IM-90 INTRODUCING NEW MEDICAL REVIEW TEAM PACKET (IM-61MRT), UPDATING DISABILITY DETERMINATION FORMS, AND OBSOLETING THE MO HEALTHNET AGED, BLIND, AND DISABLED APPLICATION APPENDICES

Department of Social Services
Family Support Division
PO Box 2320
Jefferson City, Missouri

TO:  ALL FAMILY SUPPORT OFFICES

FROM:  KIM EVANS, DIRECTOR

SUBJECT:  INTRODUCING NEW MEDICAL REVIEW TEAM PACKET (IM-61MRT), UPDATING DISABILITY DETERMINATION FORMS, AND OBSOLETING THE MO HEALTHNET AGED, BLIND, AND DISABLED APPLICATION APPENDICES

FORM REVISION #
IM-61MRT
IM-61B
IM-61D

 

DISCUSSION:

Introducing IM-61MRT

A new forms packet has been created for MO HealthNet for the Aged, Blind, and Disabled (MHABD) disability determinations. The Medical Review Team Packet to Determine Disability (IM-61MRT) contains many of the forms that are necessary for Family Support Division staff to request medical records, schedule evaluations, and make a disability determination during the Medical Review Team (MRT) process.

The IM-61MRT packet includes:

  • Disability History (IM-61B)
  • Work History (IM-61C)
  • Provider History (IM-61D)
  • Authorization for Disclosure of Consumer Medical/Health Information (MO 650-2616)

Updating Disability Determination Forms

Two of the forms used during the MRT process were updated for clarity and to improve the disability determination process.

The IM-61B has been renamed Disability History (previously Disability Questionnaire) for consistency with other forms used for disability determinations.

The IM-61D has been renamed Provider History (previously Hospitals, Medical Facilities and Physicians Seen within the Past Year). The form requests information for any medical providers the participant has seen in the last five (5) years. This change is to gather a more thorough medical history for the MRT process.

Obsolete MHABD Application Appendices

The MHABD application appendices are now obsolete. Any unused forms in offices should be destroyed.

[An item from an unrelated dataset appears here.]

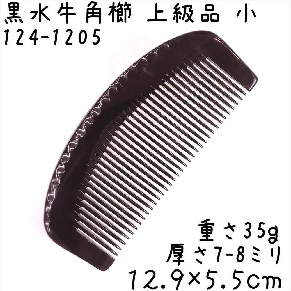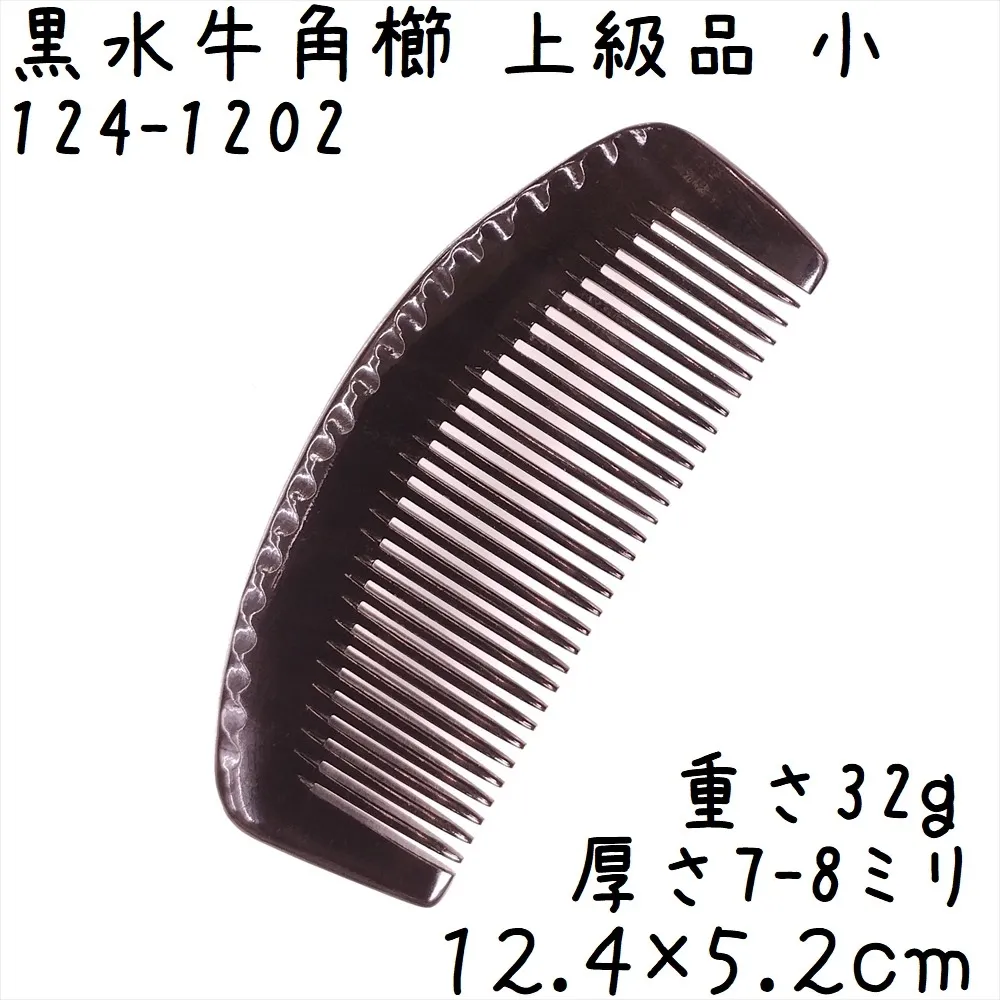 水牛角黒櫛 くし 上級品 12cmA 小02 月型 黒水牛角
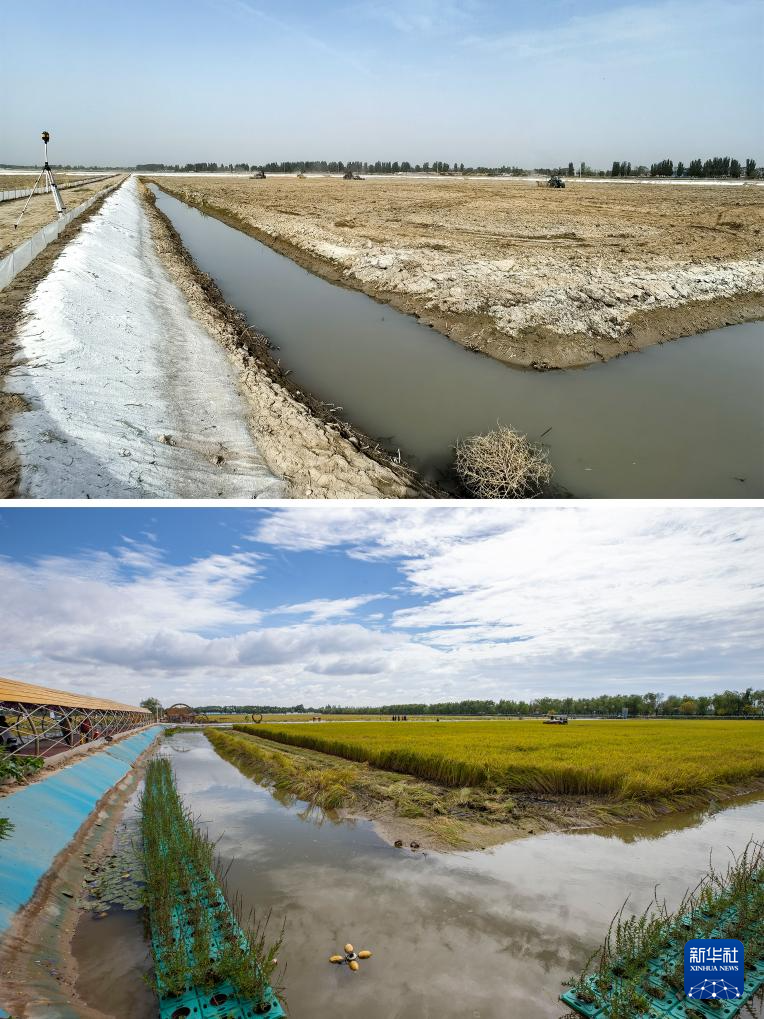 这是一张拼版照片。上图为2022年4月4日拍摄的宁夏农垦暖泉农场未经改良的盐碱化土地原貌(新华社发)。下图为北方民族大学杨国平教授通过微生物方式治理过的盐碱地上玉米的生长情况(9月21日摄,无人机照片,新华社记者杨植森摄)。

The forms that were included in the appendices can be accessed individually in the Department of Social Services (DSS) Manuals Forms Manual:

  • Disability History (IM-61B)
  • Work History (IM-61C)
  • Provider History (IM-61D)
  • Authorization for Disclosure of Consumer Medical/Health Information (MO 650-2616)
  • Declaration and Assessment of Assets (IM-78)
  • Appointing an Authorized Representative (IM-6AR)
  • Authorization for Release of Medical/Health Information Nursing facilities, In-Home Nursing Care Providers, and Other Providers of Medical Services (IM-6NF)

 

NECESSARY ACTION:

  • Review this memorandum with appropriate staff.